======== DATA FOR REVIEW

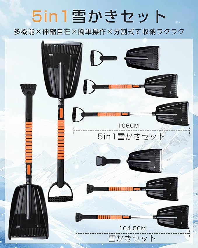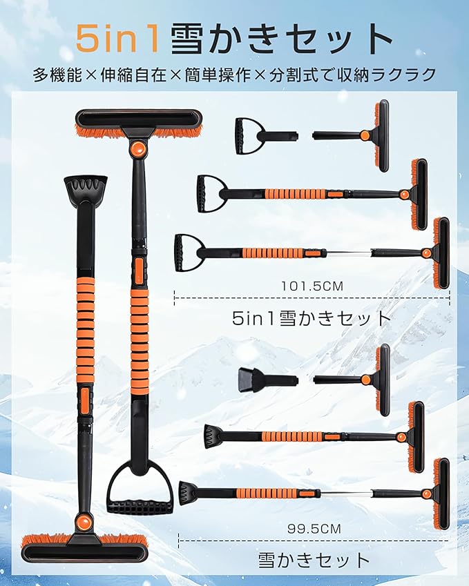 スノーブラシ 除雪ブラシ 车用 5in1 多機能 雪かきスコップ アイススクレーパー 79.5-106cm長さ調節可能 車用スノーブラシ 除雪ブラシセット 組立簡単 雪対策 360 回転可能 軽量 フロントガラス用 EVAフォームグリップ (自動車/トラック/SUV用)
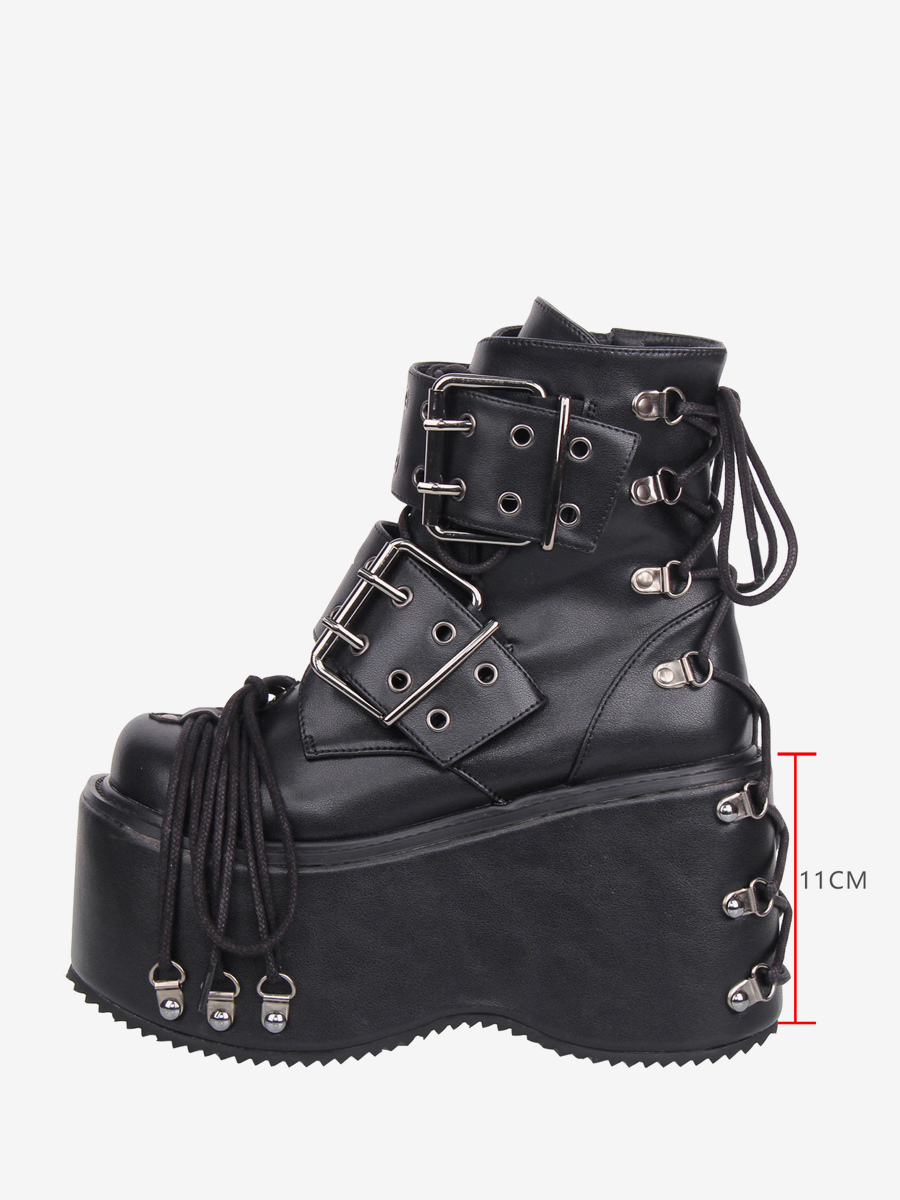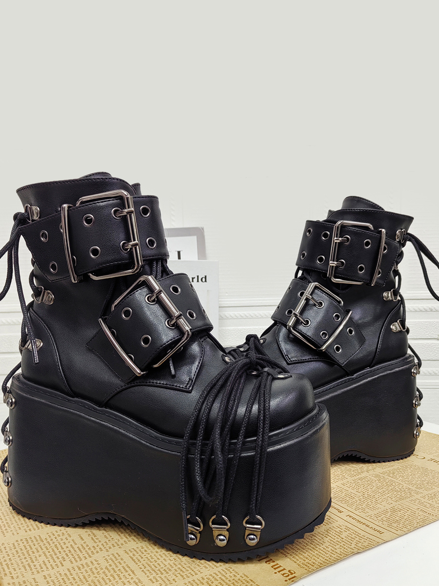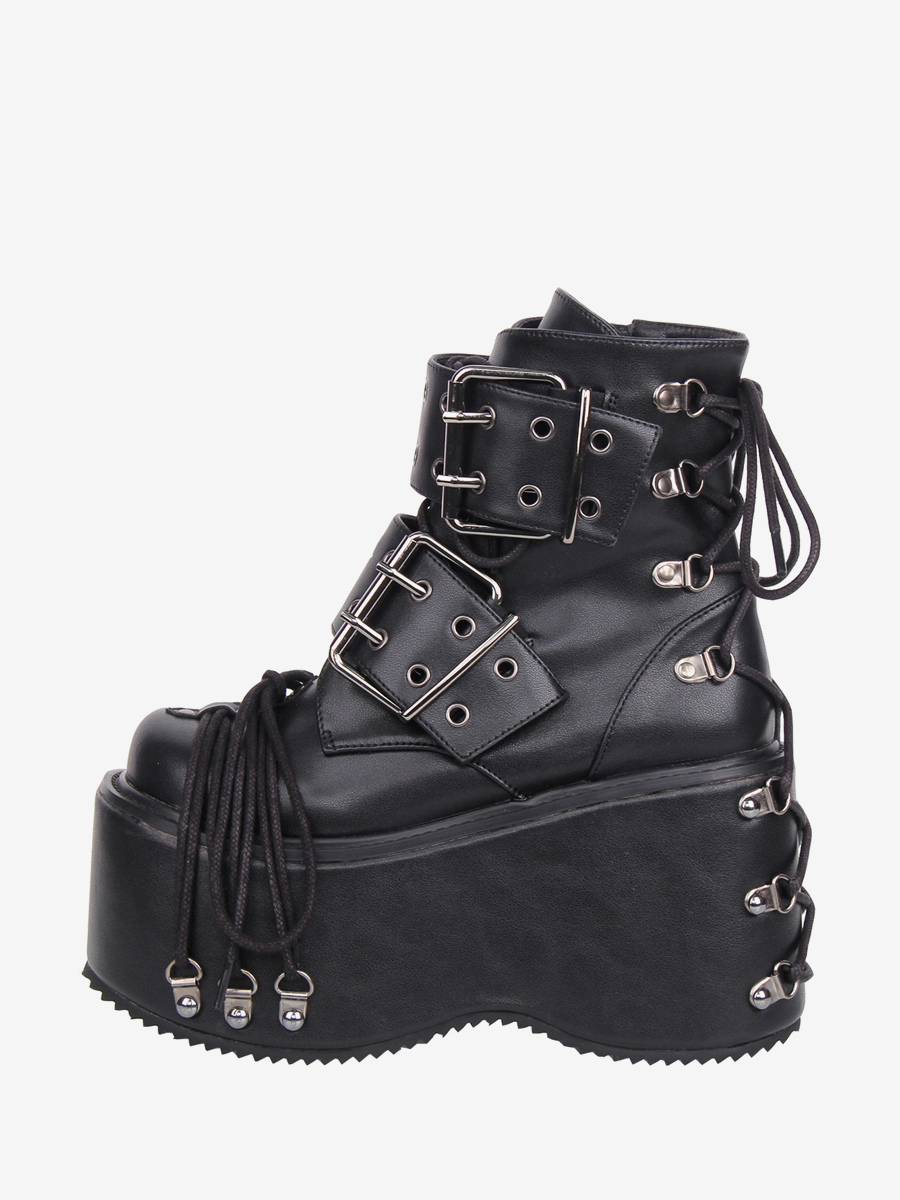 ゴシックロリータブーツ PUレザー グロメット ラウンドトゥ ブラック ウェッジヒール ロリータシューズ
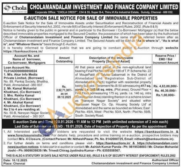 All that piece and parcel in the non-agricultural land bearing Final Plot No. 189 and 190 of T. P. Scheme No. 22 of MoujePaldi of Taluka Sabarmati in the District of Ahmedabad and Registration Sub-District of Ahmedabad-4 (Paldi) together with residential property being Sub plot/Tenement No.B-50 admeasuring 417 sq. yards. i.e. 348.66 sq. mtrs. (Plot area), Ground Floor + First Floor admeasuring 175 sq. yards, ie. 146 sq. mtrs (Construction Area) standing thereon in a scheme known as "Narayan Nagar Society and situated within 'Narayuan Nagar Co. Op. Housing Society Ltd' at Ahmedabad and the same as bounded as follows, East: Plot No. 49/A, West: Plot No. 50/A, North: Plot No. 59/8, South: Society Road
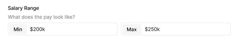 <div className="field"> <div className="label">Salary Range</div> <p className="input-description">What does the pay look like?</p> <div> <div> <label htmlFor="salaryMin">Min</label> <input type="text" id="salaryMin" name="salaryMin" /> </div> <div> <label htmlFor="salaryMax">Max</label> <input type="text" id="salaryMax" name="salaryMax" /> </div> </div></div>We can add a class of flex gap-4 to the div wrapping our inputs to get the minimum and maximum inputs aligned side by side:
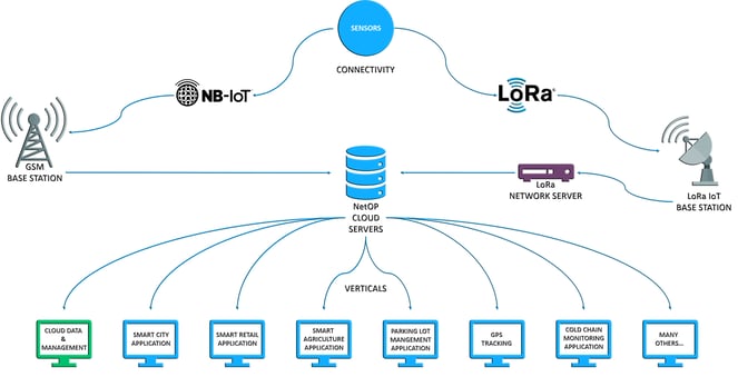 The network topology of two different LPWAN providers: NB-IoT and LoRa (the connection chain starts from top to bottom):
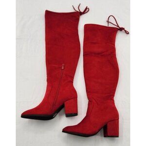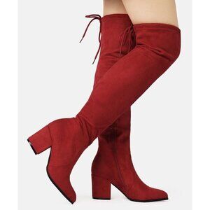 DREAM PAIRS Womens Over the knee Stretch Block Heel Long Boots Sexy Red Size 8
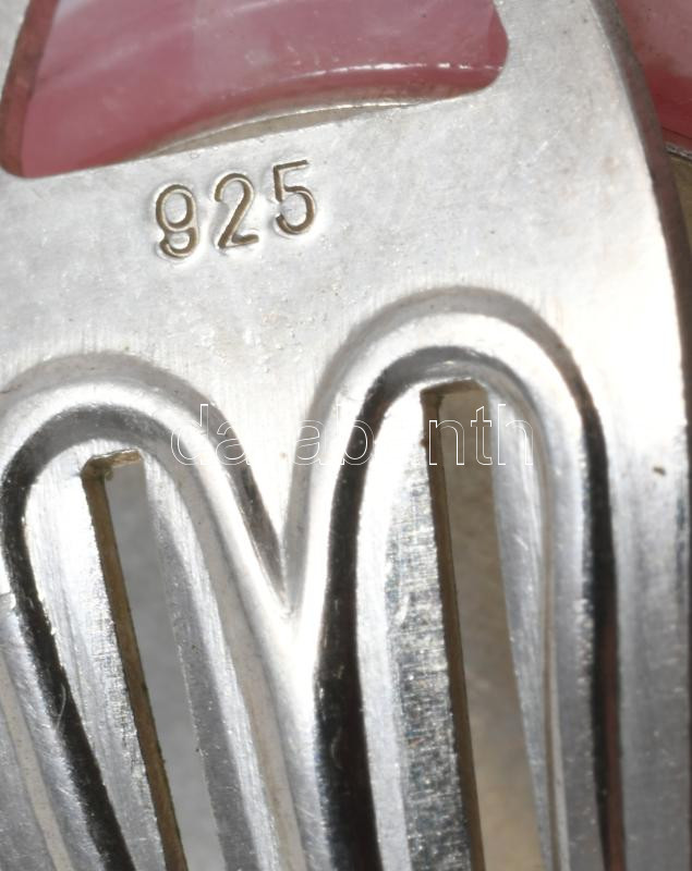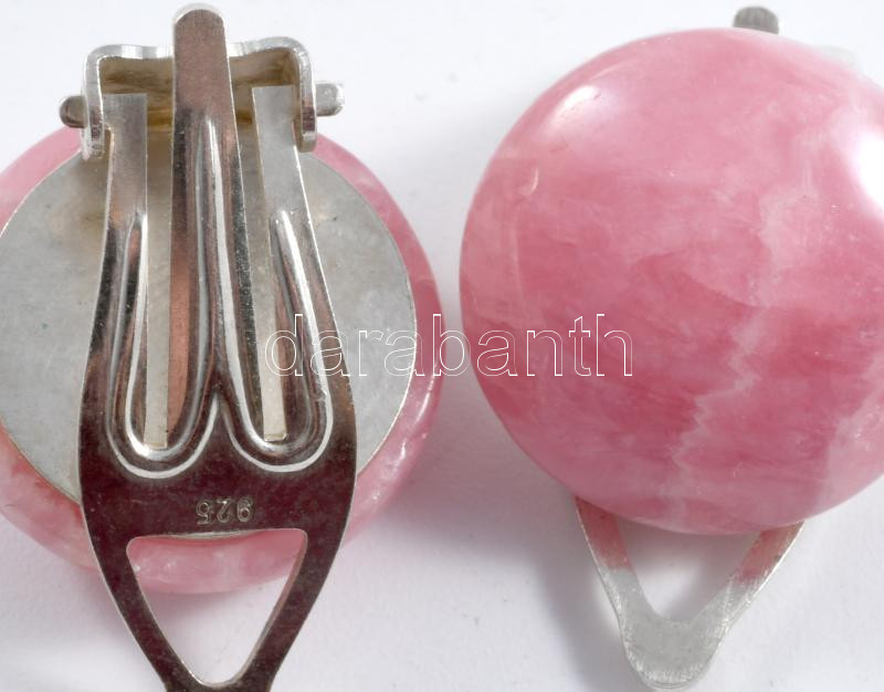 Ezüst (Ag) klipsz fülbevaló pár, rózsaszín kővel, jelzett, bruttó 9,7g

================

» ASSIGNMENT:
Return each record as written, minus its images.

» EXERCISE ANSWER:
 スノーブラシ 除雪ブラシ 车用 5in1 多機能 雪かきスコップ アイススクレーパー 79.5-106cm長さ調節可能 車用スノーブラシ 除雪ブラシセット 組立簡単 雪対策 360 回転可能 軽量 フロントガラス用 EVAフォームグリップ (自動車/トラック/SUV用)
 ゴシックロリータブーツ PUレザー グロメット ラウンドトゥ ブラック ウェッジヒール ロリータシューズ
 All that piece and parcel in the non-agricultural land bearing Final Plot No. 189 and 190 of T. P. Scheme No. 22 of MoujePaldi of Taluka Sabarmati in the District of Ahmedabad and Registration Sub-District of Ahmedabad-4 (Paldi) together with residential property being Sub plot/Tenement No.B-50 admeasuring 417 sq. yards. i.e. 348.66 sq. mtrs. (Plot area), Ground Floor + First Floor admeasuring 175 sq. yards, ie. 146 sq. mtrs (Construction Area) standing thereon in a scheme known as "Narayan Nagar Society and situated within 'Narayuan Nagar Co. Op. Housing Society Ltd' at Ahmedabad and the same as bounded as follows, East: Plot No. 49/A, West: Plot No. 50/A, North: Plot No. 59/8, South: Society Road
 <div className="field"> <div className="label">Salary Range</div> <p className="input-description">What does the pay look like?</p> <div> <div> <label htmlFor="salaryMin">Min</label> <input type="text" id="salaryMin" name="salaryMin" /> </div> <div> <label htmlFor="salaryMax">Max</label> <input type="text" id="salaryMax" name="salaryMax" /> </div> </div></div>We can add a class of flex gap-4 to the div wrapping our inputs to get the minimum and maximum inputs aligned side by side:
 The network topology of two different LPWAN providers: NB-IoT and LoRa (the connection chain starts from top to bottom):
 DREAM PAIRS Womens Over the knee Stretch Block Heel Long Boots Sexy Red Size 8
 Ezüst (Ag) klipsz fülbevaló pár, rózsaszín kővel, jelzett, bruttó 9,7g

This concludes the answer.